In this report, the thermo-physical properties and biomedical applications of a few of the MNFs (NiFe₂O_4, CoFe₂O₄ and Fe₃O₄) are analyzed. It is important to note that the utilization of MNPs in a biomedical application requires judicious control of particle size, non-fouling surfaces, and increased functionalities. Especially, MNPs with adequate biofunctionalization are required for drug loading/release application. Importantly, surface modification of MNPs can be effective for multifunctional prospects such as diagnosis and therapeutic utility. The development of MNPs with appropriate surface functionalization has advanced exponentially over the past few years. In this study, magnetic NPs are coated with polyethylene glycol (PEG). To our knowledge, the efficacy of MNFs formulated with PEG-coated MNPs has not been evaluated for drug loading and release characteristics. We have used the anti-cancer drug, doxorubicin hydrochloride (referred to as DOX), as the model drug for demonstrating the drug loading/release capabilities of the formulated MNF with aqueous phosphate buffer as the base liquid.

2. Materials and Methods

2.1. Materials

Magnetic NPs (NiFe₂O₄, CoFe₂O₄ and Fe₃O₄) used in the present study were procured from US Nano Laboratories (Houston, TX, USA) and used as received. Methoxy polyethylene glycol (referred simply as PEG), 3-aminopropyl triethoxysilane (APTS) were obtained from Axiom Chemicals Private Limited (Gujarat, India) and dimethylformamide (DMF) was purchased from Sonia Industries (Delhi, India).

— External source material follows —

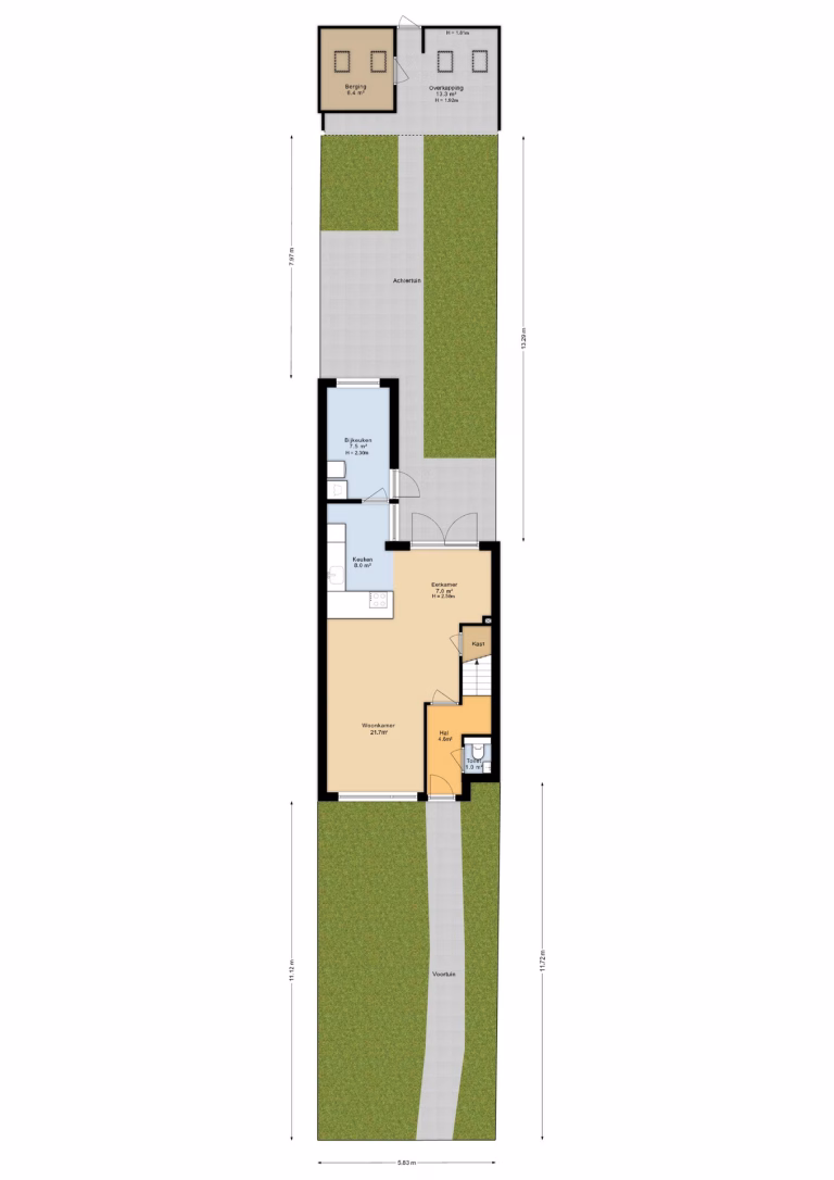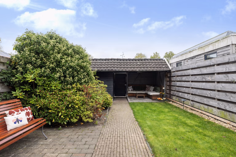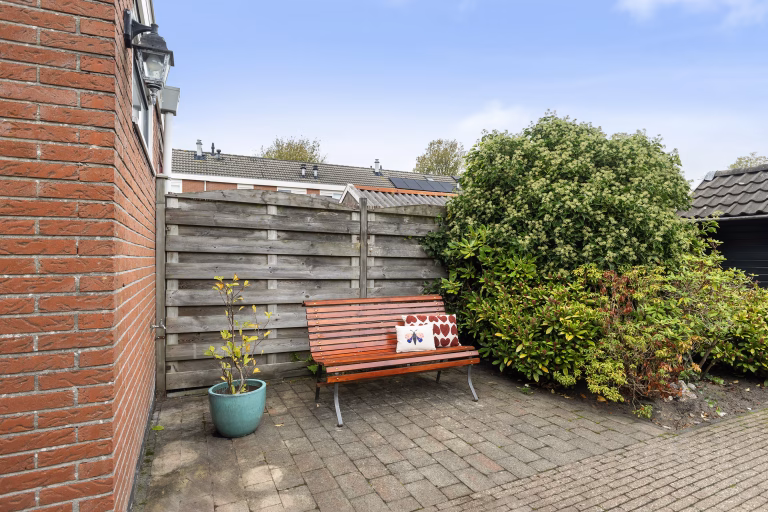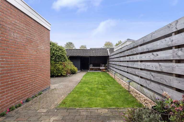 De diepe achtertuin ligt heerlijk rustig en biedt volop privacy. Er is ruimte voor een terras, speelplek of moestuin én dankzij de houten berging met elektra heb je ook voldoende opbergruimte. De tuin is via een achterom bereikbaar.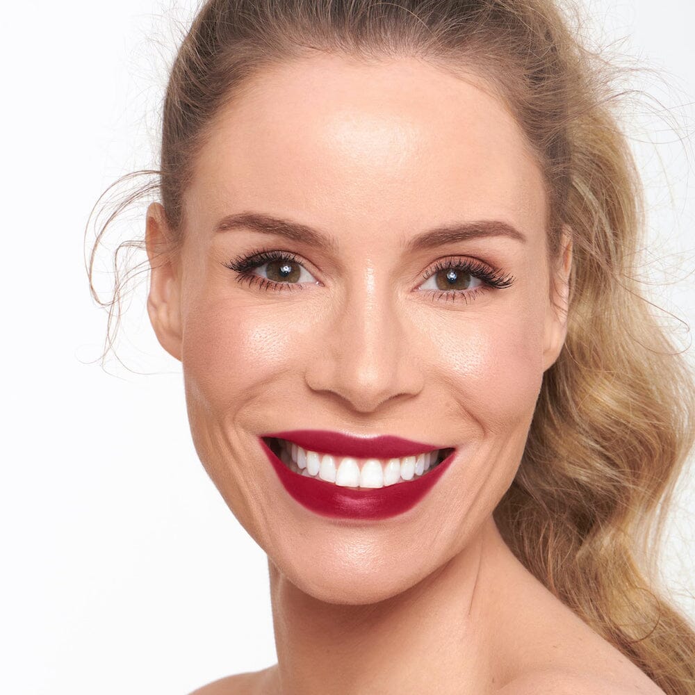 Wodoodporna formuła zapewnia, że kolor utrzymuje się na ustach, nie przenosząc się na szklanki ani ubrania.

2.2. Modification of MNP with mPEG

The procedure carried out for the modification of magnetic NPs with PEG involves two steps, as given in Scheme 1. In the first step, PEG (2.2 g, 2 mmol) and APTS (0.45 mL, 2 mmol) were dispersed in DMF and the mixed solution was kept for 3 days at room temperature. In the second step, MNPs (0.5 g) were dispersed in DMF (25 mL), then sonicated for 15 min and added to the above solution. Three drops of water were added to facilitate the hydrolysis process of silane and the evolved mixture was stirred at room temperature for 2 days. The PEG Coated MNPs were obtained by centrifugation with the applied magnetic field and washed well with water and dried under a vacuum.

2.3. MNF Preparation

The magnetic NPs (NiFe₂O4, COFe₂O4 and Fe₃O4) were dispersed in distilled water to obtain the respective NFs. Typically, 0.080 g of MNPs is dispersed in 40 mL of distilled water for the preparation of MNF in 0.2% and sonicated with a frequency of 24 kHz for about 3 h at 303 K to ensure effective dispersion of particles. Similarly, 0.160 g, 0.240 g of MNPs is dispersed in 40 mL of distilled water to prepare MNF in 0.4% and 0.6%, respectively. NiFe₂O₄, COFe₂O₄ and Fe₃O₄) were used independently as MNP and MNFs were prepared in ten different concentrations (0.2%, 0.4%, 0.6%, 0.8%, 1.0%, 1.2%, 1.4%, 1.6%, 1.8% and 2.0%).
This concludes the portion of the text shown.